Кому интересны ныне подробности и детали отправки в Аккерман бревен для строительства, а в Одессу – тесаного камня? Опять-таки лишенные интересных подробностей и примечательных исторических анекдотов. Но в свое время именно Ласунов-Ласунский по поручению светлейшего занимался этим предприятием – а потому любил его живописать подробнейшим образом.

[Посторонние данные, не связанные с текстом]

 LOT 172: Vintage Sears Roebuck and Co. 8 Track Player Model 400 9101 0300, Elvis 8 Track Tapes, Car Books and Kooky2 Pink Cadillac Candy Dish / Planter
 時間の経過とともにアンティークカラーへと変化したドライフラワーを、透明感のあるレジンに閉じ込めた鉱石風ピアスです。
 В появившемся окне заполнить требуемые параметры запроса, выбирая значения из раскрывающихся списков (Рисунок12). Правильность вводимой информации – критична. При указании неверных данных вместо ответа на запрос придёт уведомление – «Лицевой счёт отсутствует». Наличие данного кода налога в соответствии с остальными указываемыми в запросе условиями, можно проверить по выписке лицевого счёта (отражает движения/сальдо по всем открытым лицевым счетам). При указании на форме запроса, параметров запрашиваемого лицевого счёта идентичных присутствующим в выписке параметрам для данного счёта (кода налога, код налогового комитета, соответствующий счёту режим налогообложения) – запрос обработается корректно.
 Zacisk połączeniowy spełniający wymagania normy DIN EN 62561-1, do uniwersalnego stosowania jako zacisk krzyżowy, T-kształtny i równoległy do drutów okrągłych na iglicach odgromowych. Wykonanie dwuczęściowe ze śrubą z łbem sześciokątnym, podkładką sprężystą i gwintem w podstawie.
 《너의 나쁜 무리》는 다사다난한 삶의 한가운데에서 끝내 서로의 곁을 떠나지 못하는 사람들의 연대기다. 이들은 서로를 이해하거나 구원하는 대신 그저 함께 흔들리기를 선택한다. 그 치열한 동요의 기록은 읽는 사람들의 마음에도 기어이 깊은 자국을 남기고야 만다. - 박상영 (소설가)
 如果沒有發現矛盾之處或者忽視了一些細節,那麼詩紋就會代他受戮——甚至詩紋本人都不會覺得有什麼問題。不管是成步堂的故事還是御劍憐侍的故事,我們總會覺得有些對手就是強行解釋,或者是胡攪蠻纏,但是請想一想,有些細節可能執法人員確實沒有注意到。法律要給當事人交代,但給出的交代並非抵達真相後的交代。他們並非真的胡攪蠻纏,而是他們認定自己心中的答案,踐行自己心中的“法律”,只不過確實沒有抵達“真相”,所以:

Но одно примиряло со всеми неудобствами – знаменитые обеды Ласунова-Ласунского – как легко догадаться, построенные на вкусах светлейшего. Воспроизводить их в точности бывшему адъютанту было, конечно, не по силам и средствам: и поваров таких уже не сыщешь, и серебряного сервиза весом в пуды уже не заведешь, и рецепты иные утрачены. И все же в Петербурге только у Ласунова-Ласунского можно было отведать иные любимые Потемкиным блюда вроде ухи из аршинных стерлядей и кронштадтских ершей (хотя и готовилась она уже не в чане на двадцать ведер жидкости, как когда-то у светлейшего). Или увидеть подаваемую на стол свинью, одна половина которой была зажарена, а другая, благодаря искусству повара – сварена. Или поесть гусиной печенки, которую на манер Потемкина размачивали в меду и молоке, после чего размеры она приобретала невероятные. А была еще похлебка из рябчиков с пармезаном и каштанами, и телячьи хвосты по-татарски, и голуби по-станиславски, и телячьи уши крошеные, и бекасы с устрицами. Правда, далеко не всем приходились по вкусу говяжьи глаза в соусе, во времена Потемкина именовавшемся «поутру проснувшись». Злые языки передавали, что и сам гастроном-хозяин кушал последнее яство с глубокой внутренней неохотой – но чего не сделаешь ради поклонения кумиру, господа мои… Зато говяжья небная часть в золе, гарнированная трюфелями, а также горлицы а-ля Ноялев и гато из зеленого винограда были, безусловно, хороши.